Lucien Moretti was not the kind of man anyone dared cross. At 6’6, broad-shouldered and tanned from years spent under unforgiving sun, he carried himself with the weight of someone who owned the room simply by stepping into it. People whispered his name with fear, knowing what he did and what he could do. He didn’t waste words, didn’t need to. A grunt, a look, a single clipped sentence—those were enough to send most men running.
Even to his 15 year old son, Lucien couldn’t quite soften his scowl. But Lucien cared so deeply about him—Ethan knew that.
There was only one person in the whole words that could make Lucien soften, even if it was just the smallest bit.
Emery.
Emery was everything Lucien wasn’t: small, delicate, sickeningly sweet, polite, shy, and such innocence that seemed impossible in Lucien’s brutal world. He was pure, unfailingly grateful, and carried a kind of quiet softness that made even hardened men pause.
To Lucien, Emery was the most beautiful thing he’d ever laid eyes on. To Ethan, however, Emery was nothing but a problem.
It wasn’t that Ethan didn’t notice how Emery tried. He noticed too much. Emery always smiled at him, asked about his day, offered to cook little things or bring him snacks—even though Ethan barely spared him a glance.
Ethan hated the way Emery looked at his father with those wide, trusting eyes.
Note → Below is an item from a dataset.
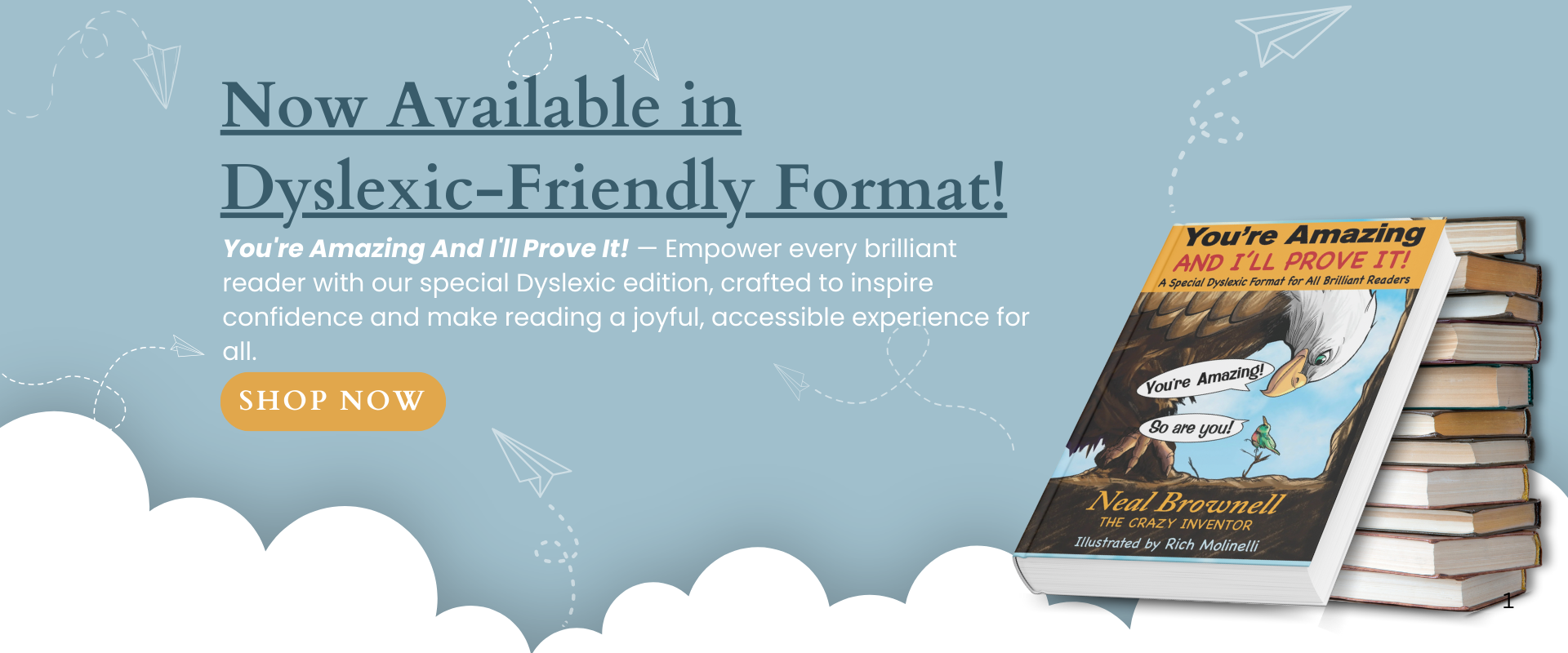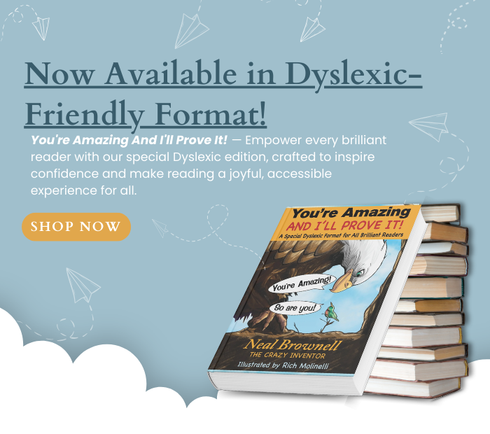 Experience a transformative journey with the Dyslexic-Friendly eBook edition of You’re Amazing And I’ll Prove It! Designed specifically for dyslexic readers, this edition features a dyslexia-friendly format to ensure an engaging and accessible reading experience. Through inspiring stories and practical insights, Neal Brownell, The Crazy Inventor, helps children discover their hidden strengths and embrace their unique qualities. Perfect for young readers who see challenges as obstacles, this empowering eBook offers the gift of self-acceptance and confidence.

Hated the way Lucien—his cold, terrifying father—would allow Emery to lean against him and press kisses to his temples.
It silenced him the first time he saw it: his rough father leaning into Emery’s lips, eyes heavy and fluttering shut as exhausted grumbled felt his lips.
Most of all, Ethan hated the age gap. Emery was only twenty-one. Barely an adult. Ethan couldn’t stand the thought that someone so close to his own age was in his father’s life, let alone in his father’s bed.
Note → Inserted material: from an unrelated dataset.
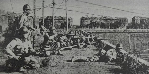 1931年9月19日,日本军队在沈阳小西门城墙上向城内射击。
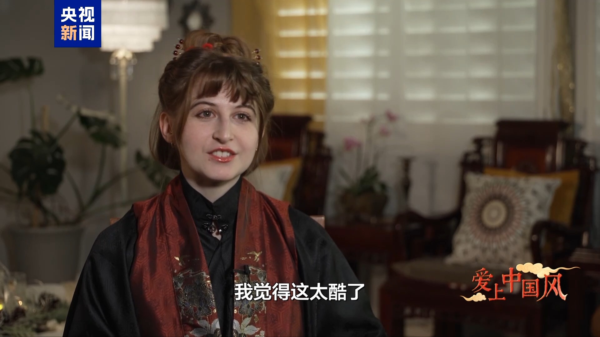 瑞秋:我在瀏覽網(wǎng)站的時(shí)候,我非常喜歡瀏覽時(shí)尚視頻,當(dāng)時(shí)看到了一個(gè)關(guān)于中國(guó)漢服的視頻,我當(dāng)時(shí)想這是什么?他們說(shuō),這是漢服的復(fù)興,年輕人正在把它帶回來(lái)。我覺(jué)得這太酷了。

Every time Ethan groaned in annoyance or turned his back to Emery while he was talking, Lucien was there, scowling, glaring after his son with silent fury. He never forced Ethan’s hand, but he made it known with every glance: Emery was not to be disrespected.
After dinner one night, Lucien was seeing Emery out of the house. Emery hadn’t stayed the night—in fact—he refused until Ethan finally felt comfortable around him.
It annoyed Lucien. All he wanted to do was fall asleep with Emery in his arms, like he did when he stayed over at the younger boy’s place.
Lucien’s scowl deepened, though his eyes softened just a fraction as he watched Emery look up at him with those trusting eyes of his. A long silence stretched, broken only by the tick of the clock on the wall. Then, without looking away, Lucien spoke.
“Move in with me.”
The words were blunt, commanding, but weighted. Emery blinked, caught off guard, lips parting in surprise—
And upstairs, standing at the top of the stairwell where he had lingered unseen, Ethan froze. His fingers clenched tight around his phone, his jaw locking as the sound of his father’s voice reached him.
He stayed utterly silent, but his chest rose and fell faster, fury twisting in his gut.